(Recorded data)
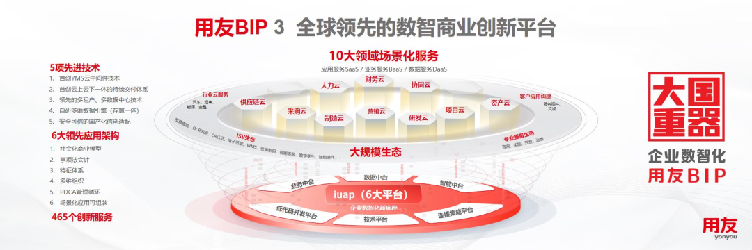 面對(duì)難得的市場和產(chǎn)業(yè)發(fā)展機(jī)遇,用友經(jīng)過6年的規(guī)模研發(fā)、持續(xù)迭代,以全新理念、全新技術(shù)、全新架構(gòu)、全新模式打造了面向企業(yè)和公共組織數(shù)智化的全新一代產(chǎn)品——用友BIP,并在平臺(tái)技術(shù)、應(yīng)用架構(gòu)、創(chuàng)新服務(wù)等方面實(shí)現(xiàn)多項(xiàng)重大突破與升級(jí),達(dá)到全球水平,包括5項(xiàng)技術(shù)、6大應(yīng)用架構(gòu)、465項(xiàng)創(chuàng)新服務(wù),覆蓋智能財(cái)務(wù)、數(shù)智人力、數(shù)智采購、數(shù)智營銷、智能制造、數(shù)智供應(yīng)鏈、數(shù)智研發(fā)、數(shù)智項(xiàng)目、數(shù)智資產(chǎn)及協(xié)同工作等十大核心領(lǐng)域,是目前全球領(lǐng)域覆蓋較多的企業(yè)云服務(wù)群。
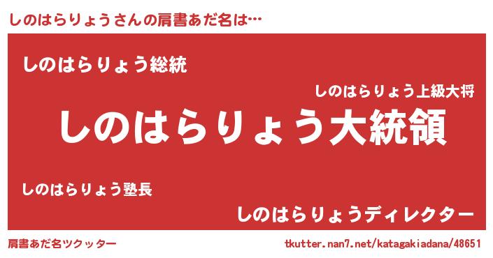 | 女子向けラノベタイトル風あだ名 | 『しのはらりょうの雑貨屋さん』 |
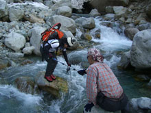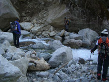 | コット谷途中で休息。 |
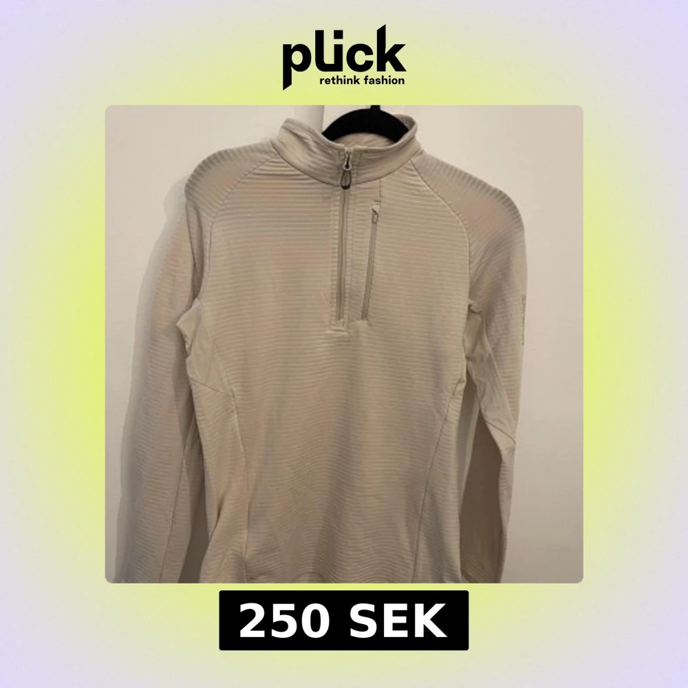 Säljer en beige långärmad tröja från Salomon med halv dragkedja och en bröstficka med dragkedja. Tröjan har diskreta ränder i materialet och hög krage. Perfekt för lager-på-lager och outdoor. , helt ny ären även och har aldrig kommit till användning.
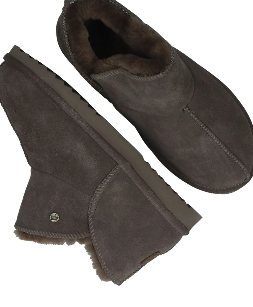 - De zwarte pantoffel heeft een bovenwerk van suède en is gevoerd met merinowol.

Directions for this task: Each entry above must be set down word for word; none of its pictures belong in the copy.

Solved exercise:
 面對(duì)難得的市場和產(chǎn)業(yè)發(fā)展機(jī)遇,用友經(jīng)過6年的規(guī)模研發(fā)、持續(xù)迭代,以全新理念、全新技術(shù)、全新架構(gòu)、全新模式打造了面向企業(yè)和公共組織數(shù)智化的全新一代產(chǎn)品——用友BIP,并在平臺(tái)技術(shù)、應(yīng)用架構(gòu)、創(chuàng)新服務(wù)等方面實(shí)現(xiàn)多項(xiàng)重大突破與升級(jí),達(dá)到全球水平,包括5項(xiàng)技術(shù)、6大應(yīng)用架構(gòu)、465項(xiàng)創(chuàng)新服務(wù),覆蓋智能財(cái)務(wù)、數(shù)智人力、數(shù)智采購、數(shù)智營銷、智能制造、數(shù)智供應(yīng)鏈、數(shù)智研發(fā)、數(shù)智項(xiàng)目、數(shù)智資產(chǎn)及協(xié)同工作等十大核心領(lǐng)域,是目前全球領(lǐng)域覆蓋較多的企業(yè)云服務(wù)群。
 | 女子向けラノベタイトル風あだ名 | 『しのはらりょうの雑貨屋さん』 |
 | コット谷途中で休息。 |
 Säljer en beige långärmad tröja från Salomon med halv dragkedja och en bröstficka med dragkedja. Tröjan har diskreta ränder i materialet och hög krage. Perfekt för lager-på-lager och outdoor. , helt ny ären även och har aldrig kommit till användning.
 - De zwarte pantoffel heeft een bovenwerk van suède en is gevoerd met merinowol.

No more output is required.